Automate your C library type-based overload resolutions with C++17

Every time I work with a C library, I miss the power and capability of the type system C++ provides. That’s why I developed a simple C++17 header-only helper library to pack the multiple type-dependent C-style functions into single overload deduced at compile-time. No external libraries are required. Repo link: https://github.com/MKlimenko/plusifier. Currently, it’s just the header and a compile-time test file, CMake integration coming soon.

UPD: Some of the comments (somewhy I can’t see them now) suggested this lightning talk by Niel Waldren. It is indeed a slightly less bulky solution, but, in my opinion, it won’t trigger a warning with a type conversion mismatch (std::size_t vs plain int) and, due to the usage of std::function, it’s heavier to compile. On my local machine results with the clang-10 via WSL2 it took twice as long to compile: 359 vs 183 ms.

Motivation

Many programming languages can call libraries with the pure C interface. Libraries themselves may be written in various languages, however, it is a de-facto standard for them to have a C interface.

Due to the lack of function overloading in pure C, library maintainers are required to explicitly specify all of the available types for the function. For example, I’d like to list one of my favourite libraries out there, the Intel Integrated Performance Primitives, IPP:

IppStatus   ippsMulC_16s_I(Ipp16s val, Ipp16s* pSrcDst, int len);
IppStatus   ippsMulC_32f_I(Ipp32f val, Ipp32f* pSrcDst, int len);
IppStatus   ippsMulC_64f_I(Ipp64f val, Ipp64f* pSrcDst, int len);
IppStatus   ippsMulC_32fc_I(Ipp32fc val, Ipp32fc* pSrcDst, int len);
IppStatus   ippsMulC_64fc_I(Ipp64fc val, Ipp64fc* pSrcDst, int len);
// ... and so on

If you’re a C++ developer like myself, you may find this mildly irritating to look up and change the function every single time you decide to change the type.

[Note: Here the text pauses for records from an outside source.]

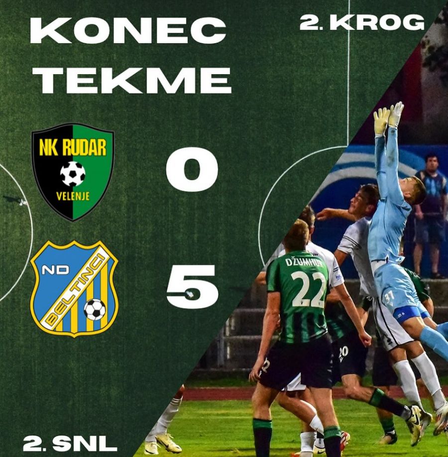 V soboto, 17.8.2024 so v 2. krogu 2. SNL v Velenju nogometaši Rudarja visoko izgubili proti ekipi iz Beltincev.
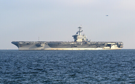 米海軍横須賀基地に向かって航行する原子力空母「ジョージ・ワシントン」=2024年11月、東京湾 日米両政府は、今月下旬のトランプ米大統領の来日に合わせ、両首脳が米海軍横須賀基地(神奈川県横須賀市)を訪れ、原子力空母「ジョージ・ワシントン」を視察する方向で検討に入った。複数の日本政府関係者が11日、明らかにした。
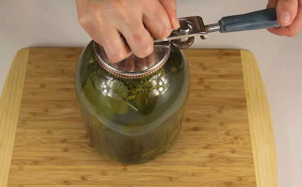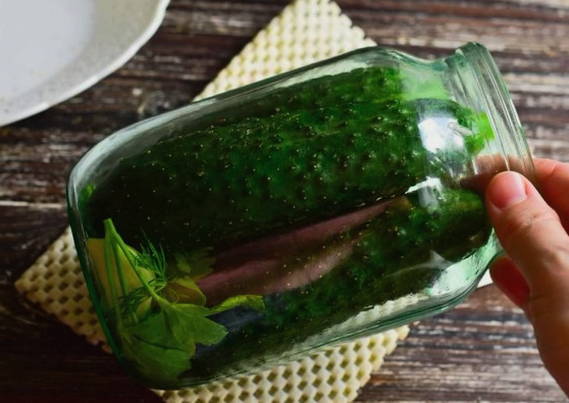 We koelen de komkommers door de pot ondersteboven te draaien en herschikken ze op een plaats die comfortabel is voor langdurige opslag.
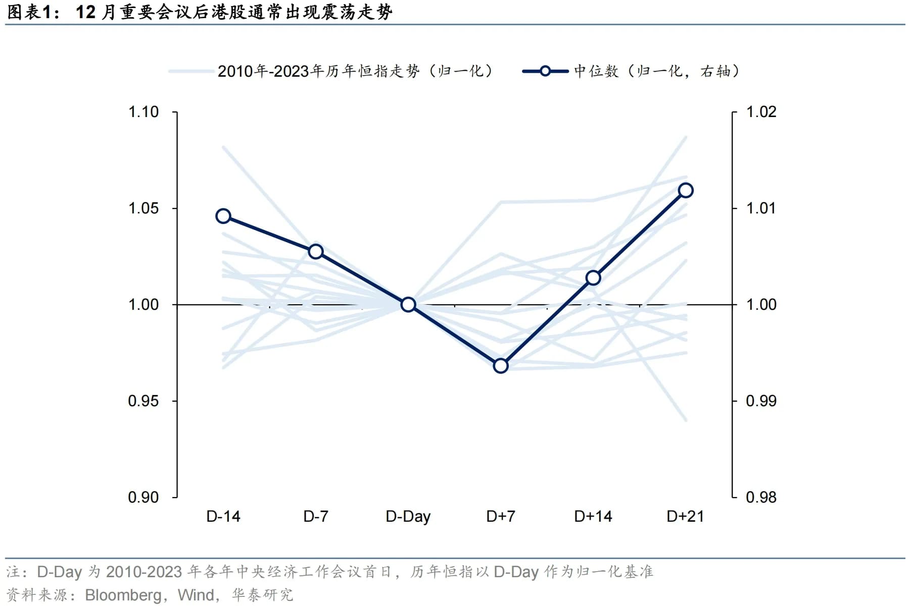 华泰证券指出,复盘2010至2023年,中央经济工作会议后恒指通常呈现震荡走势,会议首日后一周有一定机率出现阶段小调整、会议后第二周则转向上行且收盘水位略高于会议首日,会议首日后一周下跌与会议后第二周上涨14年中各自发生概率皆约64%。
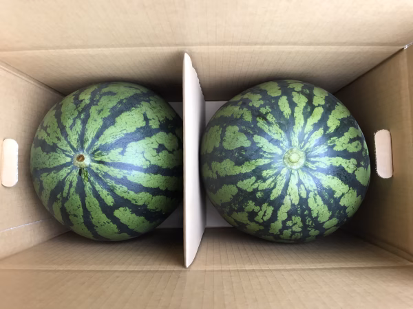 当農園のスイカは一株に一果実の“一果採り”なので どれも大きめです。品種は“シャリ感”とさわやかな甘さの『紅大将』
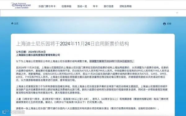 2024年5月24日,上海迪士尼发布新的票价结构通知。上海迪士尼度假区官网 截图
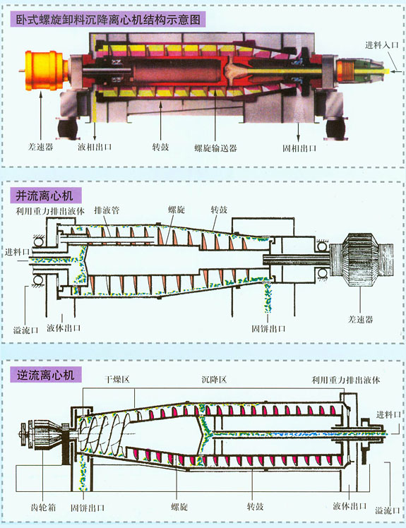 臥式螺旋離心機是用離心機沉降原理分離懸浮液的機器。對固相顆粒在0.005-3mm,重量濃度比≤10%或體積濃度比≤70%、固液比重差≥0.05g/cm3的各種懸浮液均適用該類離心機進行固液分離和顆粒分級,有并流,逆流和分級各類型。
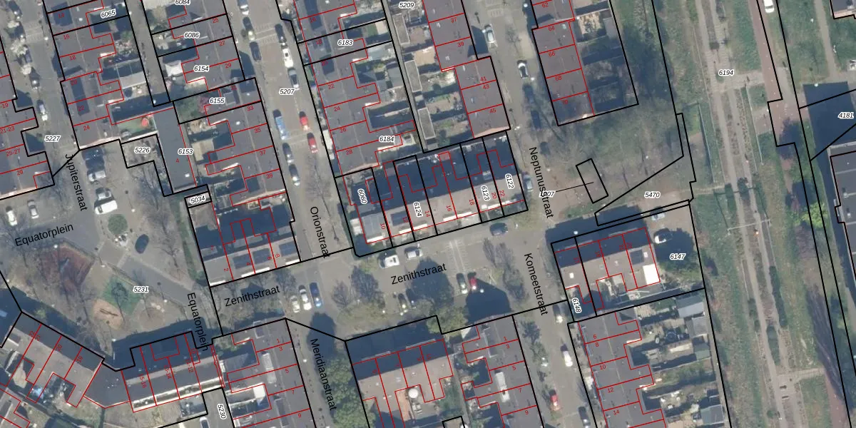 Het perceel waarop Zenithstraat 14 staat heeft een oppervlakte van 105 m². Dit is een middelgroot perceel. De perceeloppervlakte wordt geregistreerd door het Kadaster. Gedetailleerde informatie over de maten van dit perceel kunt u vinden in het rapport Kadastrale kaart met maatvoering van Zenithstraat 14.
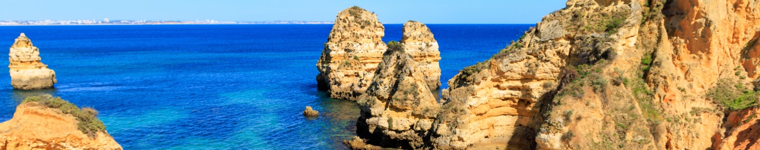 - Geniet van de zon en het strand aan de Algarve-kust, met zijn gouden zandstranden en kristalhelder water.
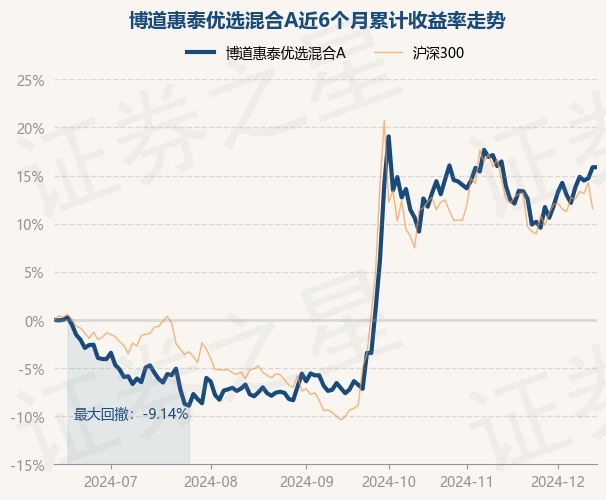 证券之星消息,12月13日,博道惠泰优选混合A最新单位净值为1.0591元,累计净值为1.0591元,较前一交易日上涨0.0%。历史数据显示该基金近1个月下跌1.94%,近3个月上涨23.63%,近6个月上涨14.21%,近1年上涨20.28%。该基金近6个月的累计收益率走势如下图:
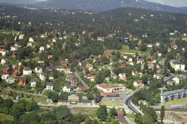 Trikkesporet til Lilleakerbanen krysser Lilleakerveien i front. Sponhoggveien går bak trikkesporet, og Guvernørens vei til venstre for forretningsbygget. Ullernåsen i bakgrunnen. (Flyfoto)
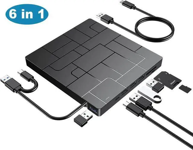 [6 in 1] External CD DVD Drive, Type C&USB 3.0 External CD DVD Burner for Laptop with 4 USB Ports&2 SD Card Slots&1 Type-C Ports, CD/DVD ROM +/-RW Optical Disk Drive for Windows 11/10/8/7 Linux Mac OS

And it works poorly with generic (templated) code as well.

Usage and examples

Wrapper object is created in the constructor and then the correct overload is selected in the operator() call:

auto fn = plusifier::FunctionWrapper(/*function overloads*/);

auto dst = fn(/* function arguments... */);

Pointer wrapper object is used similarally:

auto ptr = plusifier::PointerWrapper<PointerType, DeleterFunction>(allocator_function, /* allocator function arguments... */);

Where allocator_function may be both the callable (function pointer, lambda, std::function) as well as the plusifier::FunctionWrapper.

Function overloading

For a more simplified example, suppose we have three functions with a slightly different signature:

int square_s8(const std::int8_t* val, int sz) {
    return 1;
}
int square_s32(const std::int32_t* val, int sz) {
    return 4;
}
int square_fp32(const float* val) {
    return 8;
}

With this library, they may be packed into single object:

auto square = plusifier::FunctionWrapper(square_s8, square_s32, square_fp32);

auto dst_ch = square(arr_ch.data(), 0);     // <-- calls square_s8
auto dst_int = square(arr_int.data(), 0);   // <-- calls square_s32
auto dst_fp32 = square(arr_fp32.data());    // <-- calls square_fp32

It will check if the passed arguments are viable to be used as the arguments for the functions at the compile-time and select the most appropriate overload.

Pointer automation

RAII is the lifesaver in modern C++. However, it’s a bit tedious to mix it with the C-style allocations. One of the approaches would be to use the std::unique_ptr with a custom deleter, but it’s quite excess, so I decided to expand this library a little bit more.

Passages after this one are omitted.